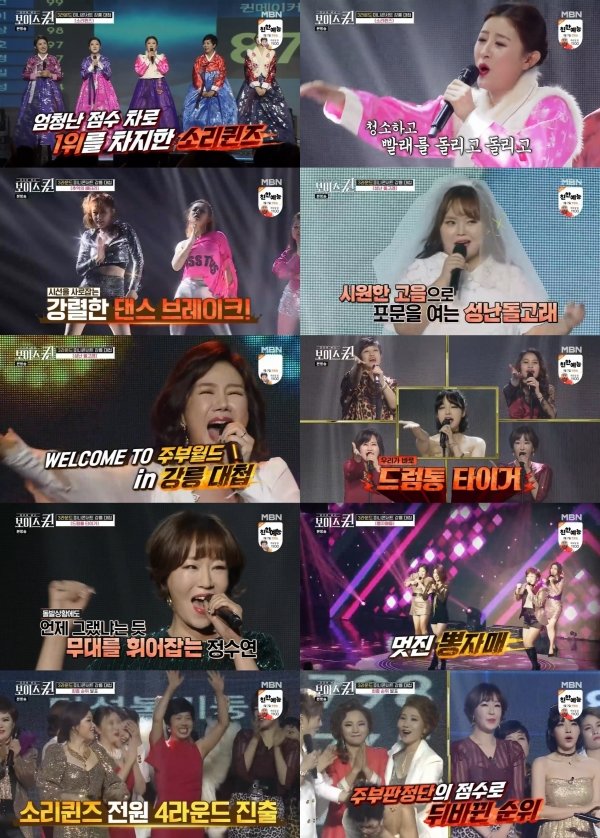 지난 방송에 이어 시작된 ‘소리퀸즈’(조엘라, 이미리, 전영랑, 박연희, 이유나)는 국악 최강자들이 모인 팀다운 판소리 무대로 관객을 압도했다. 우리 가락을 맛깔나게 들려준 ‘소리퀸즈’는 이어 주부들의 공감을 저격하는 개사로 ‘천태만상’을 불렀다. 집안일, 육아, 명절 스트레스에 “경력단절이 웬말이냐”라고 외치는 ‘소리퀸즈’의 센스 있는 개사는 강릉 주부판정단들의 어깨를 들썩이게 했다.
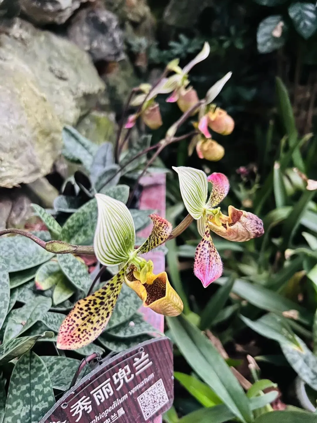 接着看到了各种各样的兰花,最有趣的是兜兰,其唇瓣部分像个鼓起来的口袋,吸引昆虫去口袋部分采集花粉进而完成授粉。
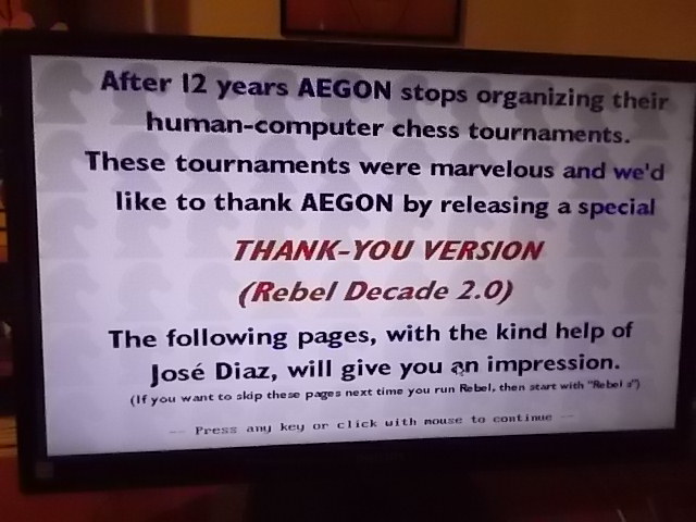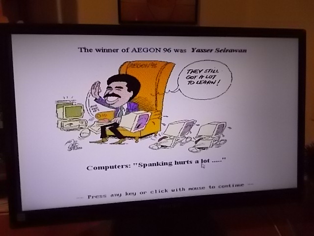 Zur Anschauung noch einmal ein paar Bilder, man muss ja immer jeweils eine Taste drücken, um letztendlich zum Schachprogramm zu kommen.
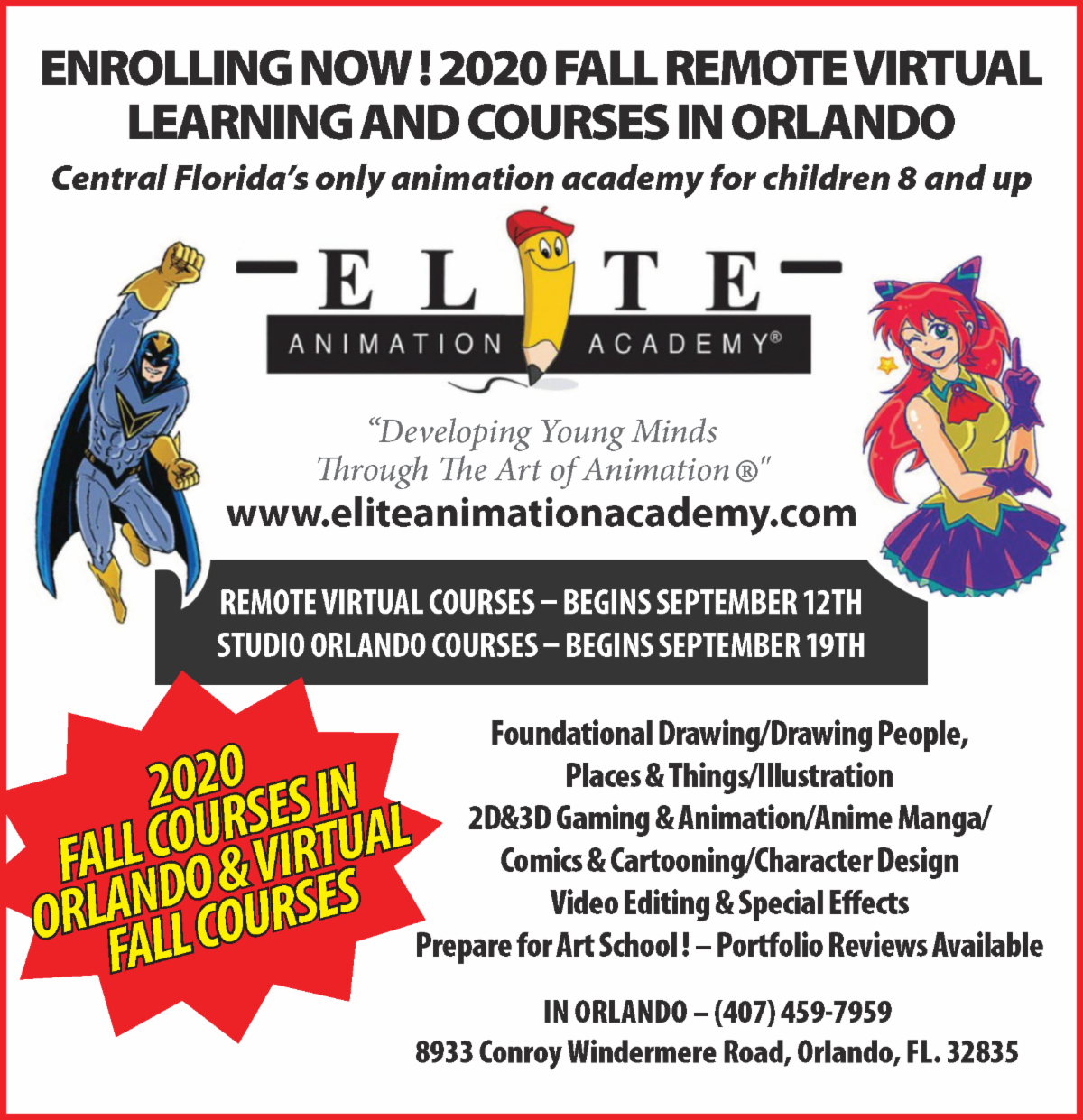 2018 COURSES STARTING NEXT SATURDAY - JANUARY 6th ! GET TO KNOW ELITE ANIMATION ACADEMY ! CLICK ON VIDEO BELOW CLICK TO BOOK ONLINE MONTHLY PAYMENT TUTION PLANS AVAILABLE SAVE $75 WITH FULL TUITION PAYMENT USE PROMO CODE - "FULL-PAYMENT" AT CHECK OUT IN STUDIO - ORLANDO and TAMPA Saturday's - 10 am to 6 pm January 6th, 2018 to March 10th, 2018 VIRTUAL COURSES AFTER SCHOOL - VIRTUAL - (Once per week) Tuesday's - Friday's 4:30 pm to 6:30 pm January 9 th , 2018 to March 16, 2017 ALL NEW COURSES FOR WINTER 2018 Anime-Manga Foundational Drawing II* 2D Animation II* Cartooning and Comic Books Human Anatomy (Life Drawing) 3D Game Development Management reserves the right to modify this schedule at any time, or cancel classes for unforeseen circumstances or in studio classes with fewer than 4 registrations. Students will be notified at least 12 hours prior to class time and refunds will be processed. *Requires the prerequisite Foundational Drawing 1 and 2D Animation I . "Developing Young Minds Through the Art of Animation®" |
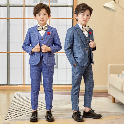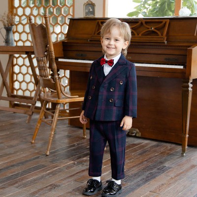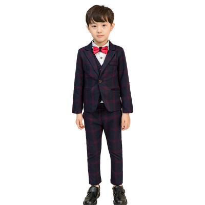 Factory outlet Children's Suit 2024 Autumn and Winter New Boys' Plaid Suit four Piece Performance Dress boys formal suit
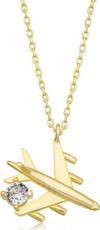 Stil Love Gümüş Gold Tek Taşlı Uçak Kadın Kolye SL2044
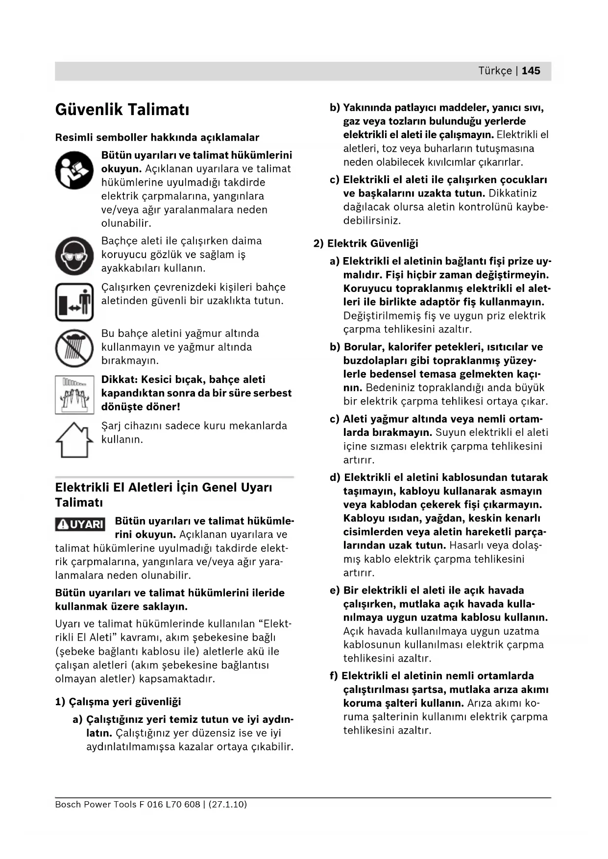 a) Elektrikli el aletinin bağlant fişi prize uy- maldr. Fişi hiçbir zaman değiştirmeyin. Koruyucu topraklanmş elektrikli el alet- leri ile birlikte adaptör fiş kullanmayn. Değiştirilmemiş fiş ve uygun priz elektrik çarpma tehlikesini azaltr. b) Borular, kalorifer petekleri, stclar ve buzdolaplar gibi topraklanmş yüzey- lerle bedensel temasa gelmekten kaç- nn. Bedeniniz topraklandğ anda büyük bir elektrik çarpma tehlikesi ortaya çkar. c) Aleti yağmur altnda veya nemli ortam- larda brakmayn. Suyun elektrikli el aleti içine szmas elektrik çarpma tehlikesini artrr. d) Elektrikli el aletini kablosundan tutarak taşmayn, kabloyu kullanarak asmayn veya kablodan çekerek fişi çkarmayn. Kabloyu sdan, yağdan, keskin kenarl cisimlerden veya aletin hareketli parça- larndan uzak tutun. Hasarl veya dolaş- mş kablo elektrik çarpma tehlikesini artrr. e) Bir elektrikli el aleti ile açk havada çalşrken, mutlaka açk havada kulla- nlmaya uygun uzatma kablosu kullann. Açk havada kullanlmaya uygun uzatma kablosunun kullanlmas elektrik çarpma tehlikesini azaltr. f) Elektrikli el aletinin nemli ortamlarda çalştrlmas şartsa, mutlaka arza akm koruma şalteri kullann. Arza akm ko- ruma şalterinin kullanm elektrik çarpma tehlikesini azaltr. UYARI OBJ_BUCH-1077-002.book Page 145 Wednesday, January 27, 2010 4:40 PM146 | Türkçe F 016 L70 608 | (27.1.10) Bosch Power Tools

——————

**Task description**
Using the entries above, write out exactly the lines from the one with "2018 COURSES STARTING" through the one with "Stil Love Gümüş", ends included. Leave out any pictures.

**Response to the exercise**
 2018 COURSES STARTING NEXT SATURDAY - JANUARY 6th ! GET TO KNOW ELITE ANIMATION ACADEMY ! CLICK ON VIDEO BELOW CLICK TO BOOK ONLINE MONTHLY PAYMENT TUTION PLANS AVAILABLE SAVE $75 WITH FULL TUITION PAYMENT USE PROMO CODE - "FULL-PAYMENT" AT CHECK OUT IN STUDIO - ORLANDO and TAMPA Saturday's - 10 am to 6 pm January 6th, 2018 to March 10th, 2018 VIRTUAL COURSES AFTER SCHOOL - VIRTUAL - (Once per week) Tuesday's - Friday's 4:30 pm to 6:30 pm January 9 th , 2018 to March 16, 2017 ALL NEW COURSES FOR WINTER 2018 Anime-Manga Foundational Drawing II* 2D Animation II* Cartooning and Comic Books Human Anatomy (Life Drawing) 3D Game Development Management reserves the right to modify this schedule at any time, or cancel classes for unforeseen circumstances or in studio classes with fewer than 4 registrations. Students will be notified at least 12 hours prior to class time and refunds will be processed. *Requires the prerequisite Foundational Drawing 1 and 2D Animation I . "Developing Young Minds Through the Art of Animation®" |
 Factory outlet Children's Suit 2024 Autumn and Winter New Boys' Plaid Suit four Piece Performance Dress boys formal suit
 Stil Love Gümüş Gold Tek Taşlı Uçak Kadın Kolye SL2044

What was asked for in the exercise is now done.